The Internet

April 15, 2007

The Internet: a never-ending nightmare where the same tortured poem of talking points is read endlessly by a mob of brain-dead zombies, each reciting their favorite line before going in search of fresh flesh to rend, and ultimately signifying nothing, without even any sound or fury.

-Andrew Leonard

Or not. Some days I’m not sure.


Diatribes

April 10, 2007

The “Today” show’s Al Roker said Tuesday on his show’s official blog that it was time for Imus to go. “I, for one, am really tired of the diatribes, the ‘humor’ at others’ expense, the cruelty that passes for ‘funny,’” Roker said.


Starvation

April 9, 2007

People are spiritually starved, and feel, just below the surface, that their culture is strangling them.

-Tom the Butcher (via Gene Weingarten)


Globalization

April 4, 2007

Globalizing the economy may well be necessarya continuous metaphor even – for the globalization of our personal psychology through psychotechnologies. The most interesting question here is: how does the individual relate to such a situation?”

-Derrick de Kerckhove


Telegraph Road

April 4, 2007

…the development of the telegraph and the telephone, which shrunk space and time, blew apart the gentle pace of colonial times.

-Derrick de Kerckhove


A Noxious Fusion

March 26, 2007

…of every awful, content-less faux-centrist narrative, applied here in a lengthy, fawning Washington Post “will he run?” article on New York Mayor Michael Bloomberg:

“He’d be a candidate almost in the progressive tradition,” said Hank Sheinkopf, a New York political consultant. “He could make the argument: ‘A pox on both their houses.’ He’s a celebrity by definition because he’s a billionaire.”

But why should he be president? Because it’s remotely possible?

He’s a party-switching, uncharismatic billionaire. His running for president sure sounds exciting to Washington media – who adore nothing more than slagging off Democrats, but are finding it increasingly difficult to apologize for incompetent and corrupt Republicans – but that’s about it. The truth of the matter is that most Americans do prefer one party over the other – there’s no great silent consensus out there for people like Michael Bloomberg.

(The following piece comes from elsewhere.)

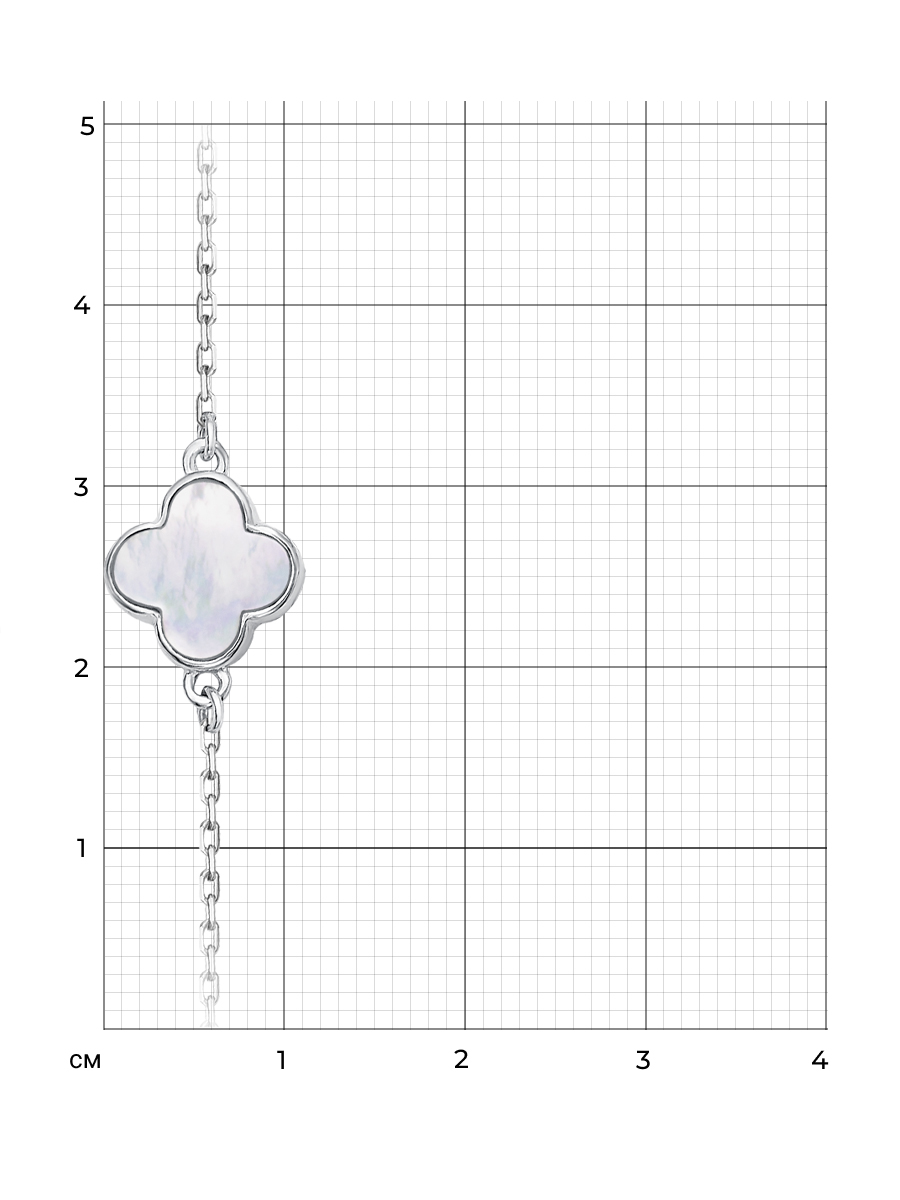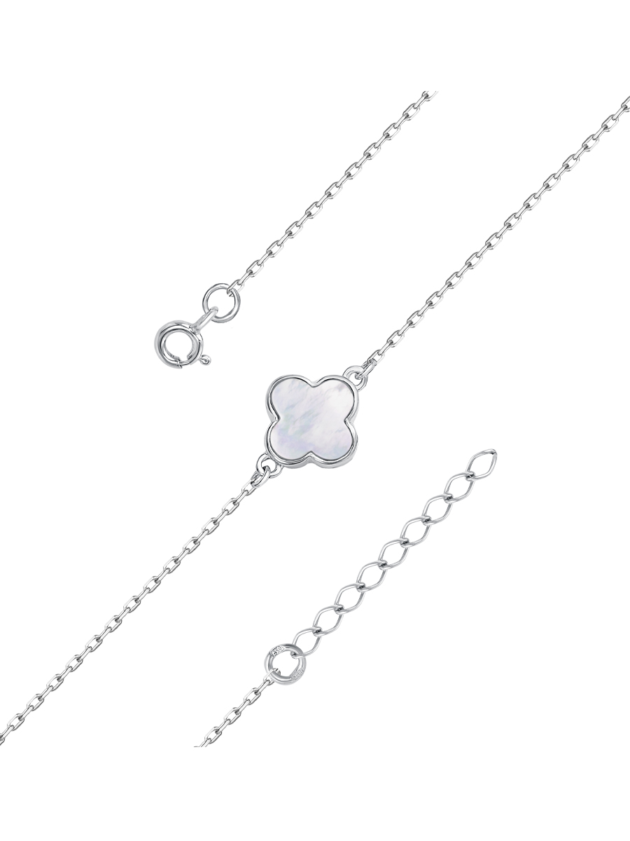 Нежный браслет Клевер, с белым перламутром, выполнен из серебра 925 пробы. Характеристики. Вставка белый перламутр. Высота декоративной части 10,9мм, ширина 15мм, глубина 7,7мм. Замок шпрингельный. Есть возможность увеличить длину браслета на 30мм за счёт дополнительных звеньев. Отличным дополнением к браслету будут пусеты арт.02-00-001-35р и колье арт.04-00-030-35р. Берегите изделие от воздействия влаги, любых спиртосодержащих растворов и жидкостей, а также парфюма. Для ухода и чистки желательно использовать специальные салфетки для серебра. Приятным дополнением к украшению является фирменная упаковка. Значение веса в характеристиках примерное и может отличаться от фактического.

Ech…there’s more, now not just in quotations:

…if he ran as a Democrat, he might sacrifice his reputation as an independent-minded businessman who is above politics.

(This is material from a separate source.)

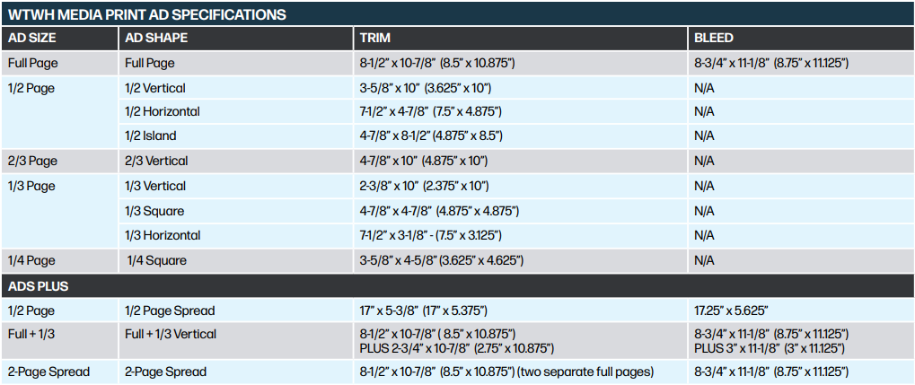 Please submit ads via the WTWH Ad Portal at ads.wtwhmedia.com.

Save us from politicians who are “above” politics, and from those writers who would imagine such a thing possible.

The above passage follows an observation on the impossibility of Bloomberg’s  securing the GOP nomination. So I ask again – just where is this great silent majority that exists in neither party but would be able to elect a man like Michael Bloomberg president?

Bloomberg himself is quoted towards the end, and supplies the answer:

“How can a 5-foot-7, divorced billionaire Jew running as an independent from New York possibly have a chance?” he has asked.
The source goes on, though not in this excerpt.